Member of the National Council
- In office 15 August 2016 – 25 October 2023

Personal details
- Born: 15 June 1975 (age 50) Humenné, Czechoslovakia
- Party: Voice – Social Democracy (2020–present)
- Other political affiliations: Independent (2016–2018) Direction – Social Democracy (2018–2020)
- Spouse: Henrieta Tomášová
- Children: 2
- Alma mater: Comenius University

= Erik Tomáš =

Slovak politician and former television presenter

Erik Tomáš (born 15 June 1975) is a Slovak politician and former television presenter. Since October 2023, he has served as the minister of labor, social affairs and family of Slovakia.
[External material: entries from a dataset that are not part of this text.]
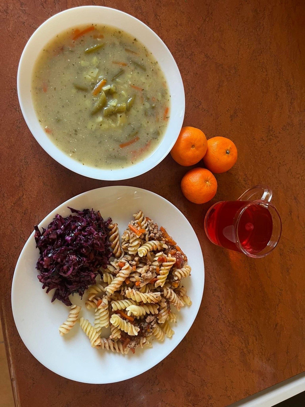 GRAMATURA: Zupa z fasolką szparagową i ziemniakami 350ml(MLEKO, S02, GLUTEN, GORYCZYCA , PSZENICA, SOJA, SELER), Makaron razowy z sosem bolońskim 350g (MLEKO, S02, GLUTEN, GORYCZYCA , JAJA, ŁUBIN, ORZECHY AR, SOJA, SELER, SEZAM), Surówka z kapusty czerwonej z jabłkiem 100g , Kompot owocowy 250ml (MLEKO, S02, GLUTEN, GORYCZYCA , JAJA, ORZECHY , SOJA, SELER ), Podwieczorek: Mandarynka 150g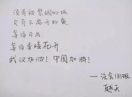 武汉加油!中国加油!奋战在一线的白衣天使们加油!我们所有人都是你坚强的后盾!(自动182 陈震洋)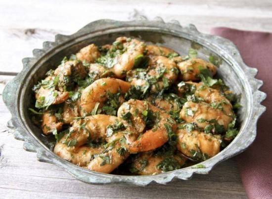 - نضع الروبيان في وطبق التقديم ونسكب عليه مزيج صلصة الكزبرة المتبقي و يقدم.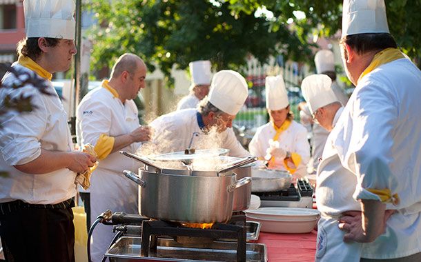 Sfida amichevole ai fornelli, in una suggestiva cornice estiva in giardino, dove vengono allestite delle cucine esterne; I cuochi, delegati uno per ognuna delle 7 Province, si sfidano con un tema specifico (variabile ogni anno e decretato dall'Accademia Italiana della cucina).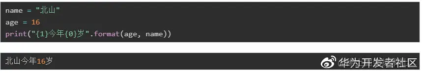 着这种方式下,使用{}作为占位符,但它的好处在于可以给它指定顺序,例如: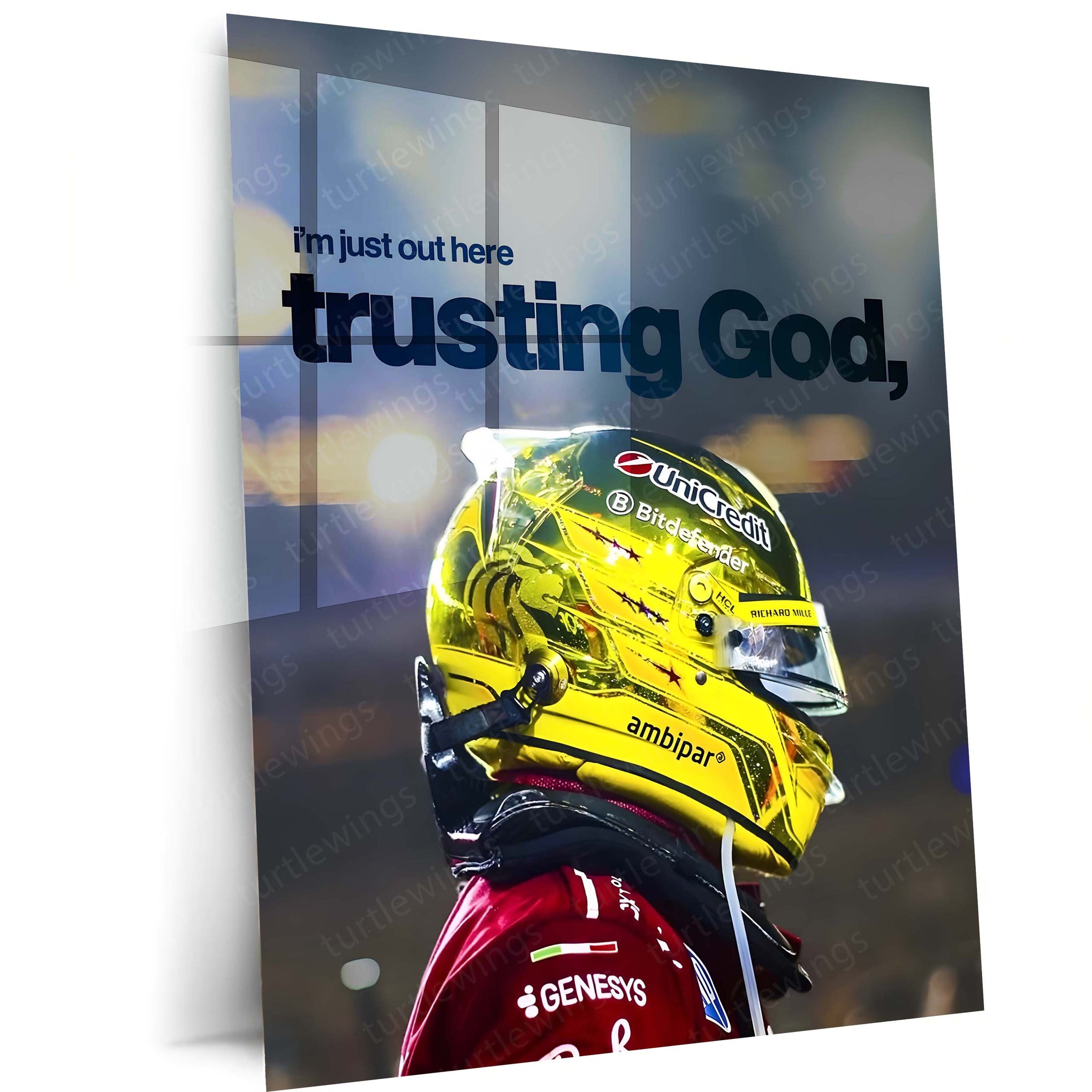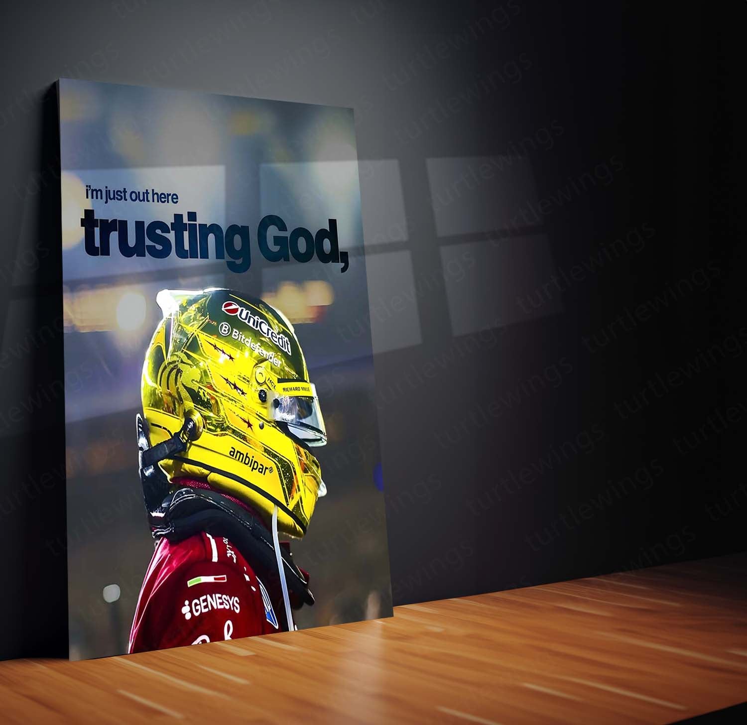 Quote Metal Poster | Lewis Hamilton – Trusting God’s Timing Metal Frame Faith, Patience & Inner Peace Wall Art | Confidence Quote Metal Poster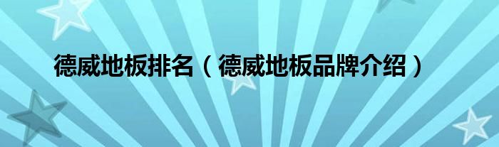 大家好,小源来为大家解答以上问题。德威地板排名,德威地板品牌介绍很多人还不知道,现在让我们一起来看看吧!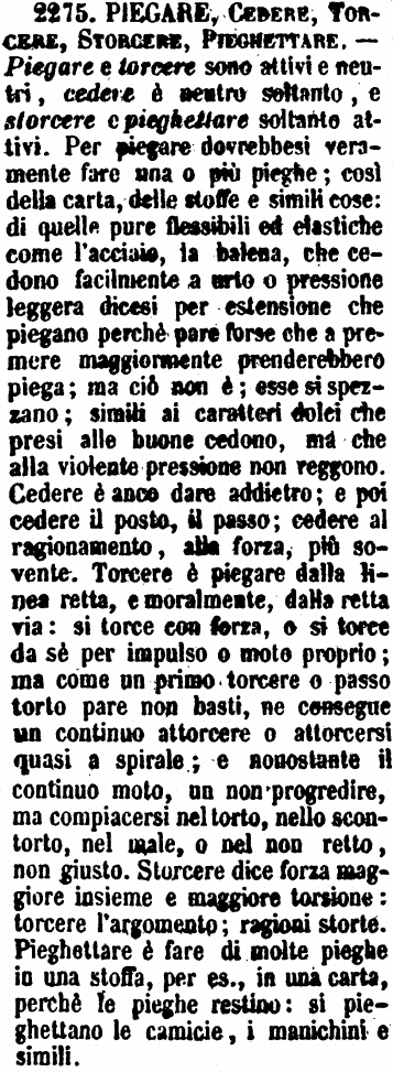 | Piegare, Cedere, Torcere, Storcere, Pieghettare - Piegare e torcere sono attivi e neutri, cedere è neutro soltanto, e storcere e pieghettare soltanto attivi. Per piegare dovrebbesi veramente fare una o più pieghe; così della carta, delle stoffe e simili cose: di quelle pure flessibili ed elastiche come l'acciaio, la balena, che cedono facilmente a urto o pressione leggera dicesi per estensione che piegano perchè pare forse che a premere maggiormente prenderebbero piega; ma ciò non è; esse si spezzano; simili ai caratteri dolci che presi alle buone cedono, ma che alla violente pressione non reggono. Cedere è anco dare addietro; e poi cedere il posto, il passo; cedere al ragionamento, alla forza, più sovente. Torcere è piegare dalla linea retta, e moralmente, dalla retta via: si torce con forza, o si torce da sè per impulso o moto proprio; ma come un primo torcere o passo torto pare non basti, ne consegue un continuo attorcere o attorcersi quasi a spirale; e nonostante il continuo moto, un non progredire, ma compiacersi nel torto, nello scontorto, nel male, o nel non retto, non giusto. Storcere dice forza maggiore insieme e maggiore torsione: torcere l'argomento; ragioni storte. Pieghettare è fare di molte pieghe in una stoffa, per es., in una carta, perchè le pieghe restino: si pieghettano le camicie, i manichini e simili. [immagine] |

Tomáš was a member of the National Council of Slovakia from 2016 until 2023, and state secretary at the ministry of Education in 2016.
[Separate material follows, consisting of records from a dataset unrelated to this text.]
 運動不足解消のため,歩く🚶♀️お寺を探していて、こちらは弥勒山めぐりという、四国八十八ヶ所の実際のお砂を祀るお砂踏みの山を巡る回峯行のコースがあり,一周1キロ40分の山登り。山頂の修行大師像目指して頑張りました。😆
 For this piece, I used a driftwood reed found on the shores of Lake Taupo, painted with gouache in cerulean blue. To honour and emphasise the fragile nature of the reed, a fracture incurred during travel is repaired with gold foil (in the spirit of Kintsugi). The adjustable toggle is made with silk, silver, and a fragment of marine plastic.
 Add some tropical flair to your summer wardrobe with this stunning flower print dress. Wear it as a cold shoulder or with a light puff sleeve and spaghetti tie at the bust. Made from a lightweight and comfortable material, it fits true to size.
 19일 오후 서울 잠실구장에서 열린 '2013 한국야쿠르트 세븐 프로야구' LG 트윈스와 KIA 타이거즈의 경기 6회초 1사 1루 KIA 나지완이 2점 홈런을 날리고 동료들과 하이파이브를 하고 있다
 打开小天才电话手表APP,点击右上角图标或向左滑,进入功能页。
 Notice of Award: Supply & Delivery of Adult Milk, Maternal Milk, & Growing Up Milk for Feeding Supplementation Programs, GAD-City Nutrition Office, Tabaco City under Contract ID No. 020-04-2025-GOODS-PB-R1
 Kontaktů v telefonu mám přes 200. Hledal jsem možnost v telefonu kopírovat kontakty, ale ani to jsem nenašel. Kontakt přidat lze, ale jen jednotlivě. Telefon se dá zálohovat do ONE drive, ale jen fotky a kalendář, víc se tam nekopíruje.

==Early life and education==
Erik Tomáš was born on 15 June 1975 in Humenné. He graduated from Comenius University, majoring in biography and geography. Following his graduation until 2006, Tomáš worked as a television presented at the Regina Radio and TV Markíza.

==Political career==
In 2006, Tomáš started cooperating with the Direction – Social Democracy (Smer) party. He was the spokesperson of the minister of interior affairs Robert Kaliňák from 2006 until 2010, Smer in 2010, and the government, 2012 to 2016 he was the spokesperson of the government.

In the 2016 Slovak parliamentary election, Tomáš was elected an MP of the National Council on the Smer list.
 From March to August 2016, he briefly served as a state secretary at the ministry of education. For the remainder of the term, Tomáš was an MP and the chief media strategist of the prime minister Robert Fico. He became a member of Smer in 2018.

In the 2020 Slovak parliamentary election, Tomáš retained his seat. Nonetheless, after the election, he was among those Smer MPs, who joined the former MP Peter Pellegrini who split from Smer to establish a new party Voice – Social Democracy. Tomáš' had been seen by the media as being close to Smer leader Robert Fico, which is why his defection was particularly surprising.

Following the 2023 Slovak parliamentary election, Tomáš was elected to parliament again, becoming the labor minister.

==Personal life==
Tomáš is married to a woman named Henrieta.